_TASK DESCRIPTION_.
Tally every line of the material that includes "пожеж", then give the tally and nothing else.

**** TASK MATERIAL

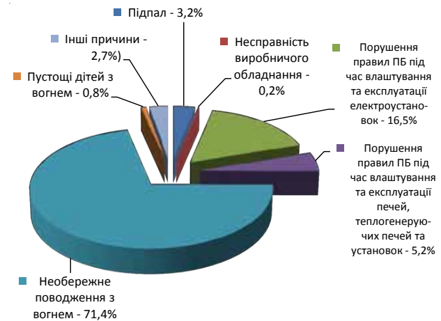
Рис. 1. Причини виникнення пожеж в Україні в 2015 р.

У 2015 р. порівняно з 2014 р. зростання пожеж на 15,5% обумовлено практично всіма причинами. Тільки в результаті порушень правил пожежної безпеки при експлуатації печей, теплогенеруючих печей та пустоців дітей кількість пожеж зменшилася, відповідно, на 15,1% і 4,9%.
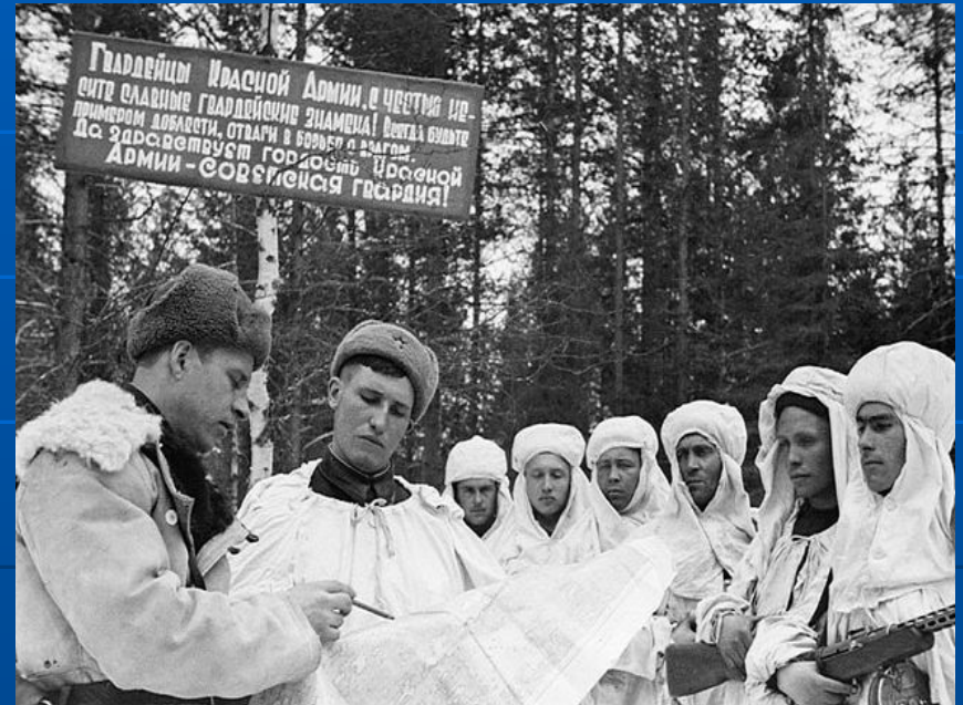
Разведчики получают боевое задание
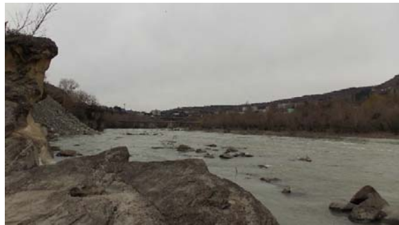
საპროექტო წყალსაცავის პერიმეტრი,
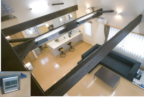
(上) 2階書斎スペースからLDKの眺め。キッチンまで見渡せる。

オール電化の深夜電力なので、24時間フル稼働しても、8,000円/月のランニングコストで快適な暮らしができます。床暖房は昼間と深夜は弱運転、夜間在宅時間のみ強運転で使用。これだけの大空間でも問題なく、床暖房をしていない2階の各部屋までも寒さを感じない程です。
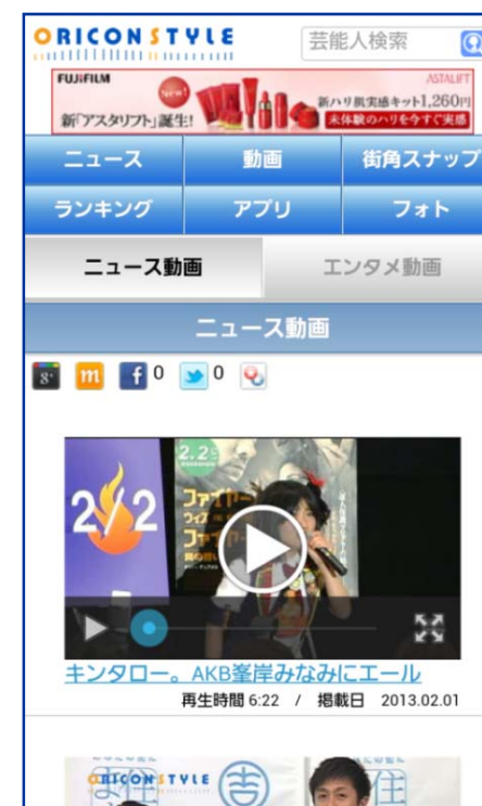
スマホ向けニュース動画サイト
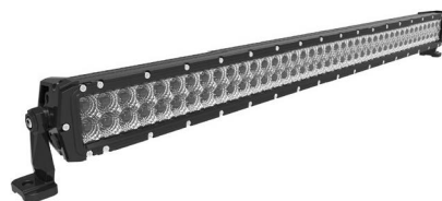
LTPRTZ® DR-SERIES 40" 240W Artikelnummer: LTPZDR240
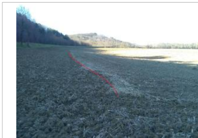
Débris végétaux sur sol

Altitude calculée de l'eau (en m) : 331.73 m
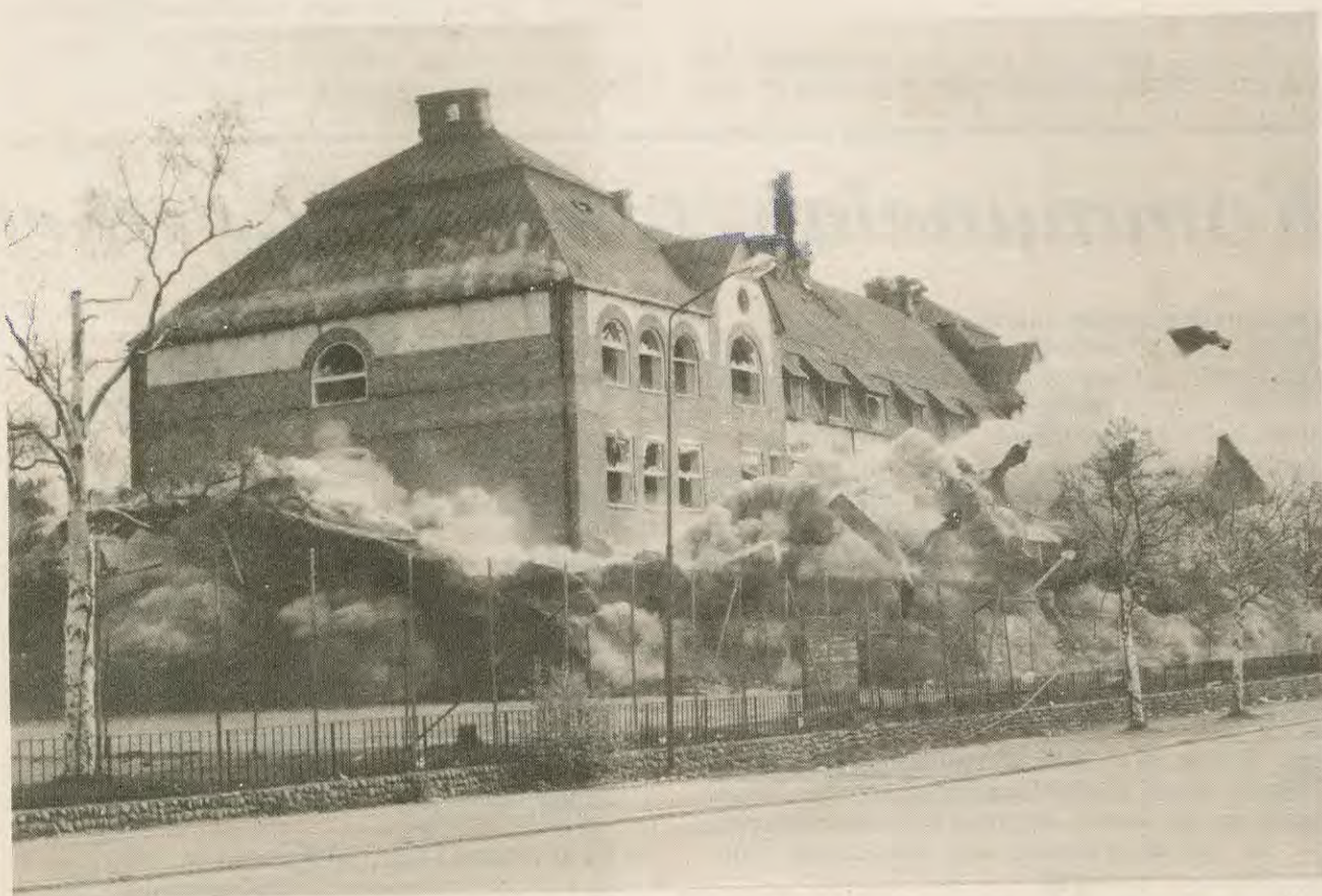
Det är inte bara ekonomiskt som gruvindustrin påverkar samhällsbilden. Malmbergets Centralskola har fått ge

Många av de målsättningarna har kommunen redan idag börjat arbeta med. En särskild näringslivsenhet har inrättats, Gällivareprojektet har kommit igång. En industriförening har bildats. Några av de industriföretag som tidigare arbetade med serviceuppdrag för LKAB har tagit fram egna produkter och startat tillverkning av dessa. Beroendet av LKAB kan minskas succesivt tillsammans med aktiv planering och stöd till det övriga näringslivet.
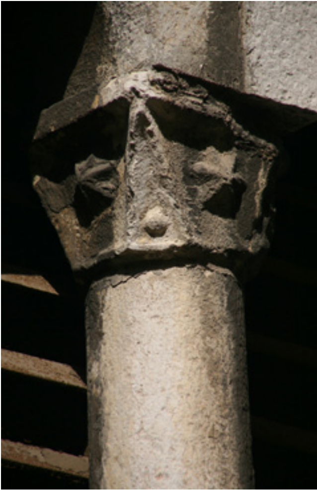
2. Rijeka, kapitel bifore nad portalom zvonika župne crkve Uznesenja Marijina

Rijeka, parish church of Mary's Assumption, capital of the bifora above the belfry portal
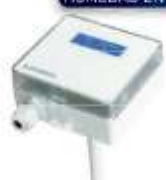
TRANSMISOR HUMEDAD EN DUCTO
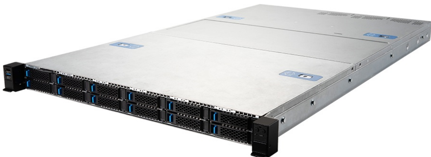
Фото MSI S2205-01 серверная barebone-платформа 2U

Отправьте запрос на коммерческое предложение и получите индивидуальные цены и сроки поставки. Серверы, ноутбуки, моноблоки, материнские платы и видеокарты. Игровые ПК, мониторы и комплектующие. Каталог, актуальные цены, наличие и поставка
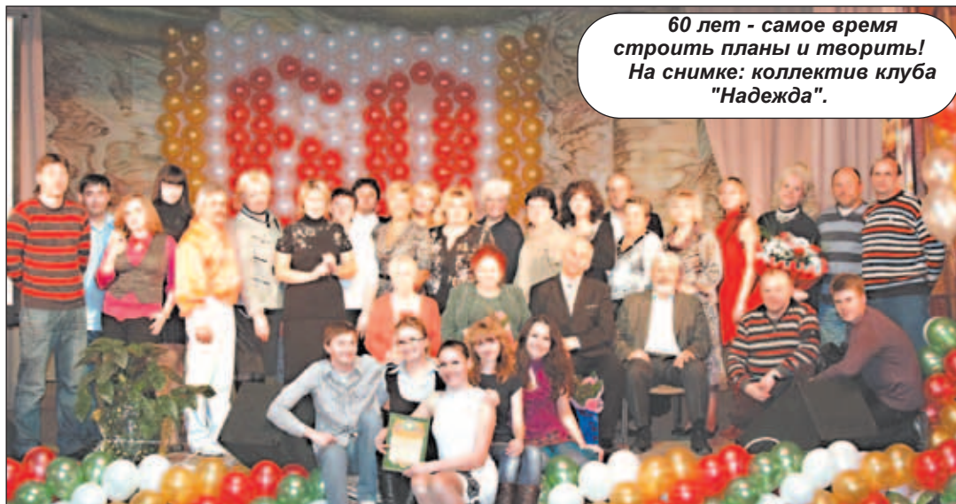
60 лет - самое время строить планы и творить! На снимке: коллектив клуба "Надежда".

4 декабря в торжественной, но тем не менее очень теплой, дружественной обстановке весь микрорайон "Ковровый" решил отметить знаменательный юбилей - 60-летие клуба "Надежда". Причем пришли в заведение культуры не только мамы и дети, но и бабушки и внуки, дедушки и папы. И праздновали они даже не юбилей, а, скорее всего, - День рождения своего любимого клуба. Потому что в таком "преклонном" возрасте обычно готовятся на заслуженный отдых, но, судя по прекрасной концертной программе и овациям, живой реакции публики на происходящее, ни коллектив, ни тем более маленькие, как, впрочем, и уже очень взрослые артисты, на пенсию не собираются. Клуб молод как никогда и полон творческих планов.
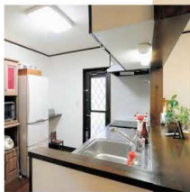
便利な対面キッチン。カウンターもお洒落に飾っています。勝手口もあるのでゴミ出しもラク。
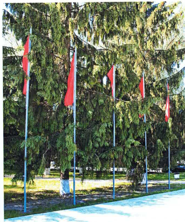
Рис. 2. Обелиск. Вид с северо-востока Рис. 3. Флагштоки на территории памятника

********

_SOLUTION TO THE PROBLEM_.
2